Outside of the GPU itself, the memory subsystem is the most important determiner of the performance of a graphics system. Graphics workloads demand very high transfer rates to and from memory. Pixel write and blend (read-modifywrite) operations, depth buffer reads and writes, and texture map reads, as well as command and object vertex and attribute data reads, comprise the majority of memory traffic.
在GPU本身之外,存储器子系统是图形系统性能的最重要的决定因素。 图形工作负载需要非常高的内存传输速率。 像素写入和混合(读取 - 修改写入)操作,深度缓冲区读取和写入以及纹理映射读取以及命令和对象顶点和属性数据读取构成了大部分内存流量。

Modern GPUs are highly parallel, as shown in Figure C.2.5. For example, the GeForce 8800 can process 32 pixels per clock, at 600 MHz. Each pixel typically requires a color read and write and a depth read and write of a 4-byte pixel. Usually an average of two or three texels of four bytes each are read to generate the pixel’s color. So for a typical case, there is a demand of 28 bytes times 32 pixels = 896 bytes per clock. Clearly the bandwidth demand on the memory system is enormous.
现代GPU高度并行,如图C.2.5所示。 例如,GeForce 8800每时钟可处理32个像素,频率为600 MHz。 每个像素通常需要颜色读取和写入以及4字节像素的深度读取和写入。 通常,读取平均每个四个字节的两个或三个纹素,以生成像素的颜色。 因此,对于典型情况,需要28个字节乘以32个像素=每个时钟896个字节。 显然,存储系统的带宽需求是巨大的。

To supply these requirements, GPU memory systems have the following characteristics:
为满足这些要求,GPU内存系统具有以下特征:

  • They are wide, meaning there are a large number of pins to convey data between the GPU and its memory devices, and the memory array itself comprises many DRAM chips to provide the full total data bus width. 它们很宽,意味着有大量的引脚在GPU和它的存储器设备之间传送数据,并且存储器阵列本身包括许多DRAM芯片以提供完整的总数据总线宽度。

  • They are fast, meaning aggressive signaling techniques are used to maximize the data rate (bits/second) per pin. 它们很快,意味着积极的信令技术用于最大化每个引脚的数据速率(位/秒)。

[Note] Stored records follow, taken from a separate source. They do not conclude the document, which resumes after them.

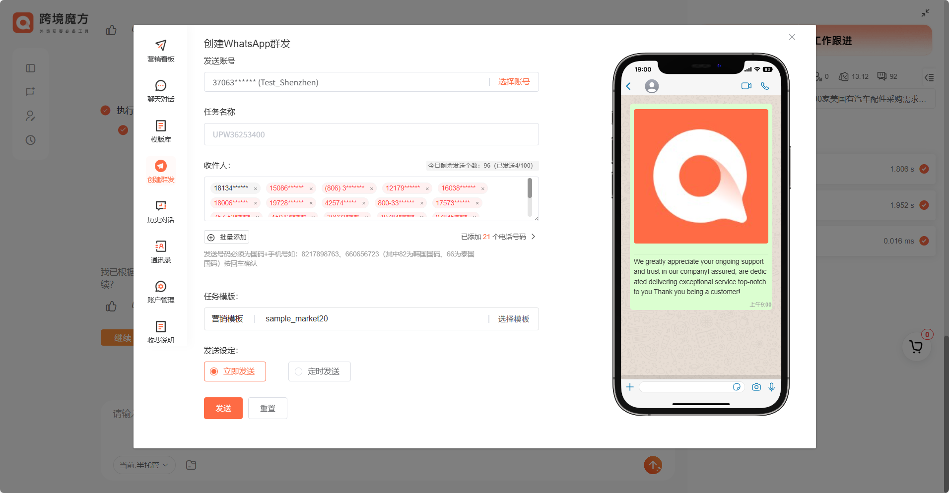 你可以在WhatsApp群发界面,选择你想要发送的营销模板。
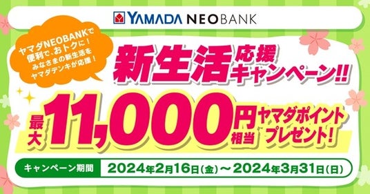 株式会社ヤマダホールディングスのグループ企業である株式会社ヤマダデンキ(本社:群馬県高崎市、代表取締役社長:上野 善紀、以下、ヤマダデンキ)は、提供している銀行サービス「ヤマダNEOBANK」において、2024年2月16日(金)より「新生活応援キャンペーン」を開催いたします。
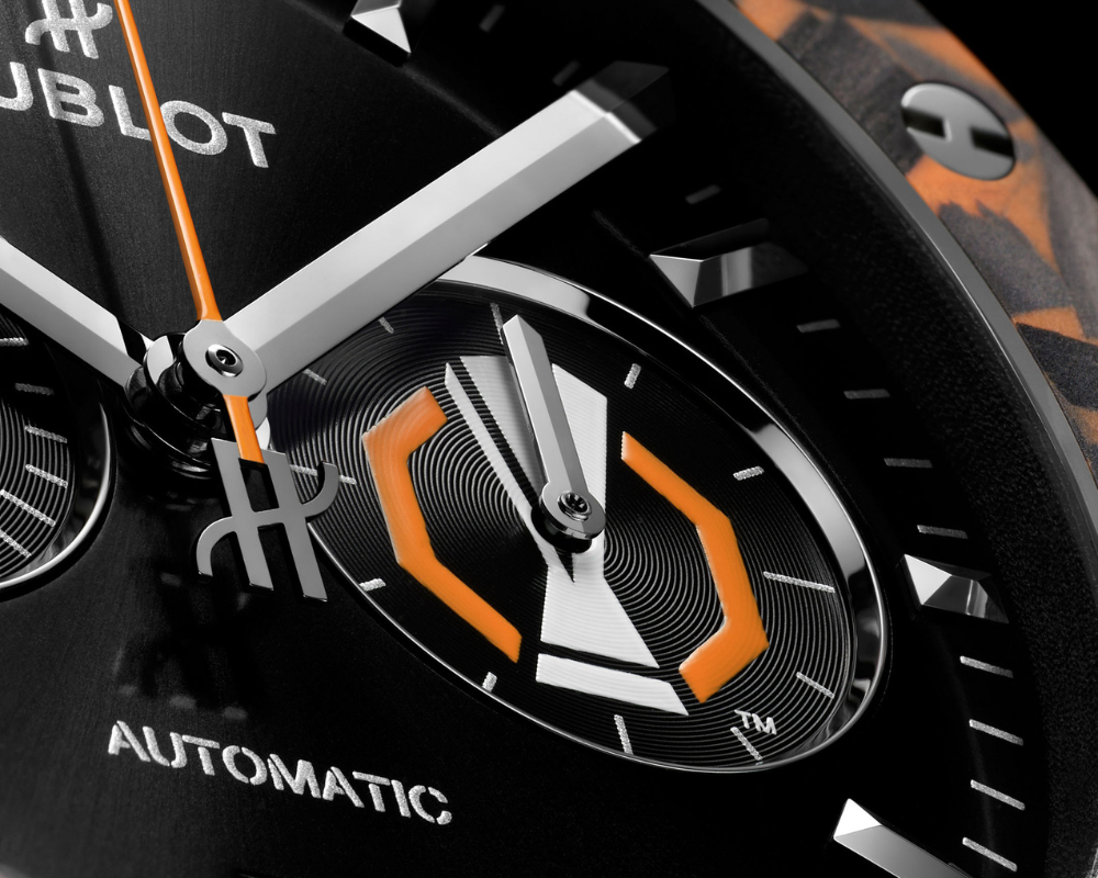 O relógio é equipado com o movimento cronógrafo automático HUB1153. Um detalhe especial aparece no mostrador: o logotipo da UEFA Europa League está presente às 3 horas, cercado por uma linha laranja. O fundo da caixa também exibe o troféu da competição, que ainda aparece em miniatura dentro do estojo do produto.

  • GPUs seek to use every available cycle to transfer data to or from the memory array. To achieve this, GPUs specifcally do not aim to minimize latency to the memory system. High throughput (utilization efciency) and short latency are fundamentally in conflict. GPU寻求使用每个可用周期来将数据传输到存储器阵列或从存储器阵列传输数据。 为实现此目的,GPU特别不旨在最小化对存储器系统的延迟。 高吞吐量(利用效率)和短延迟基本上是冲突的。

  • Compression techniques are used, both lossy, of which the programmer must be aware, and lossless, which is invisible to the application and opportunistic. 使用压缩技术,既有损耗,程序员必须知道,无损,对应用程序和机会主义是不可见的。

  • Caches and work coalescing structures are used to reduce the amount of offchip traffic needed and to ensure that cycles spent moving data are used as fully as possible. 高速缓存和工作合并结构用于减少所需的片外流量,并确保尽可能充分地使用移动数据的周期。

DRAM Considerations DRAM注意事项

GPUs must take into account the unique characteristics of DRAM. DRAM chips are internally arranged as multiple (typically four to eight) banks, where each bank includes a power-of-2 number of rows (typically around 16,384), and each row contains a power-of-2 number of bits (typically 8192). DRAMs impose a variety of timing requirements on their controlling processor. For example, dozens of cycles are required to activate one row, but once activated, the bits within that row are randomly accessible with a new column address every four clocks. Double-data rate (DDR) synchronous DRAMs transfer data on both rising and falling edges of the interface clock (see Chapter 5). So a 1 GHz clocked DDR DRAM transfers data at 2 gigabits per second per data pin. Graphics DDR DRAMs usually have 32 bidirectional data pins, so eight bytes can be read or written from the DRAM per clock.
GPU必须考虑DRAM的独特特性。 DRAM芯片内部排列为多个(通常为四到八个)存储体,其中每个存储体包括2个幂的行数(通常约为16,384个),每行包含2个幂的位数(通常为8192个))。 DRAM对其控制处理器施加了各种时序要求。 例如,激活一行需要几十个周期,但一旦激活,该行中的位可随机访问,每四个时钟使用一个新的列地址。 双倍数据速率(DDR)同步DRAM在接口时钟的上升沿和下降沿传输数据(见第5章)。 因此,1 GHz时钟DDR DRAM以每个数据引脚每秒2千兆位的速度传输数据。 图形DDR DRAM通常具有32个双向数据引脚,因此每个时钟可以从DRAM读取或写入8个字节。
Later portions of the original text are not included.